Hundreds of these tests have been in development and yet there was little verified data on which tests could yield reliable results. With so much work to do, the nascent center’s co-directors, David Walt, PhD, of the Brigham’s Department of Pathology and a core faculty member at the Wyss Institute at Harvard University, and Guillermo “Gary” Tearney, MD, PhD, of the Department of Pathology at Mass General, put out a call for volunteers to form working groups to divide up these big problems into manageable pieces. Researchers across the Brigham and Mass General are now working together on multiple fronts to: understand what clinicians need, scour the world for the most promising diagnostic solutions, put those tests through the paces and hit the accelerator on putting them into action.

“We Needed to Move Faster”

Aditi Hazra, PhD, MPH, who joined the Direct to Consumer working group of the Diagnostics pillar of the COVID Center for Innovation, could tell from the start that this was going to be an outcomes-focused initiative. Hazra is an epidemiologist with a background in genomics, and a former emergency medical technician. The weekend after the center’s meeting about diagnostics, Hazra had taken part in an MIT COVID-19 Challenge focused on the pandemic, learning everything she could about COVID-19 and immunity. Inspired, she began to think about how to rapidly understand the diagnostic needs of her clinical colleagues.

“MGB CCI working groups are made up of researchers — of diverse backgrounds since many clinicians with infectious disease expertise are on the frontlines treating patients,” said Hazra. To better understand what kinds of diagnostic tests would best serve clinical needs, Hazra began doing short, individual interviews with infectious disease leaders at the Brigham.

“I soon realized we needed to move faster,” she said.

So Hazra and colleagues in the Diagnostics Direct-to-Consumer working group, including Mehdi Jorfi, PhD, and Fanny Herisson, MD, PhD, both of Mass General, and Aishwarya Chander, who graduated from Sri Ramachandra Institute of Higher Education and Research, Tamil Nadu, India, just a few weeks ago, designed a four-minute survey for clinicians. The survey asked whether respondents thought there was a potential role for DTC testing in assessing patients and what criteria would help distinguish the most useful tests. DTC tests are designed for consumers to collect a specimen (for instance, blood from a swab, finger prick or saliva) and run the test at home, getting results within 20 minutes.

Hazra asked friends, colleagues at the Brigham and Mass General to circulate the survey. She went to sleep anxious but woke up the next day to 85 responses from clinicians and epidemiologists.

“Overwhelmingly, the answer was, ‘Yes, we think there’s a potential role,’” said Hazra. “With this feedback, we knew it was time to start scanning the horizon for tests that could fit our criteria.”

Horizon Scanning

Working groups, including Direct to Consumer, have been meeting virtually to drive efforts forward during COVID-19. From left: Trey Toombs, Rushdy Ahmad, Nell Meosky Luo, Aditi Hazra and Glenn Miller.
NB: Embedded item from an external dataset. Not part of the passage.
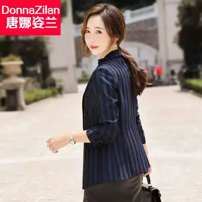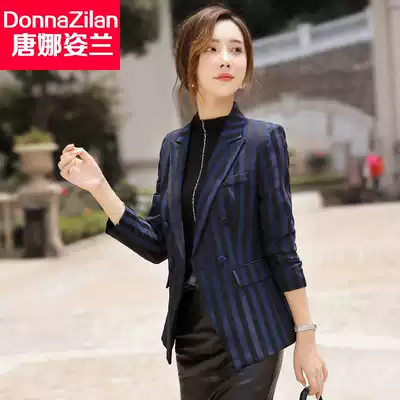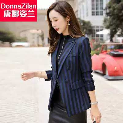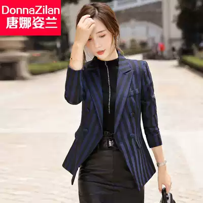 Stripe blazer women's 2021 new spring and autumn Korean version of high-end business leisure waist short small suit top

Based on the results from the survey, researchers in the DTC working group developed a set of standards and specifications by which they were able to do a very quick cut of hundreds of tests.

“There’s a common piece of advice in business: ‘Don’t boil the ocean.’ Take on too big a problem, and you’ll never make progress. The working groups wanted to take a targeted approach,” said Glenn Miller, PhD, of Partners Innovation. Miller has been sitting in on all the diagnostic working groups’ meetings for the last month, looking for ways to help connect ideas that transcend the groups.

The DTC working group performed a “deep horizon scan” of available tests — systematically searching for new and emerging technologies. They generated a list of tests that could detect evidence of the virus itself, with no false negative results, and tests for antibodies — produced by the immune system in response to infection — with no false positives. Nell Meosky Luo, the CEO of Folia Health, and her team collaborated with the group to scan these tests to see if they met specifications, assessed manufacturing and distribution capabilities and identified any potential supply-chain issues.

In a matter of 10 days, they had sorted through more than 300 offerings, scoring each one based on their criteria.

Rushdy Ahmad, PhD, of the Wyss Institute, led the working group’s efforts. Trey Toombs, PhD, senior program manager for the Brigham Research Institute, and Karen Bruynell, administrative director of the Brigham Education Institute, have served as project managers.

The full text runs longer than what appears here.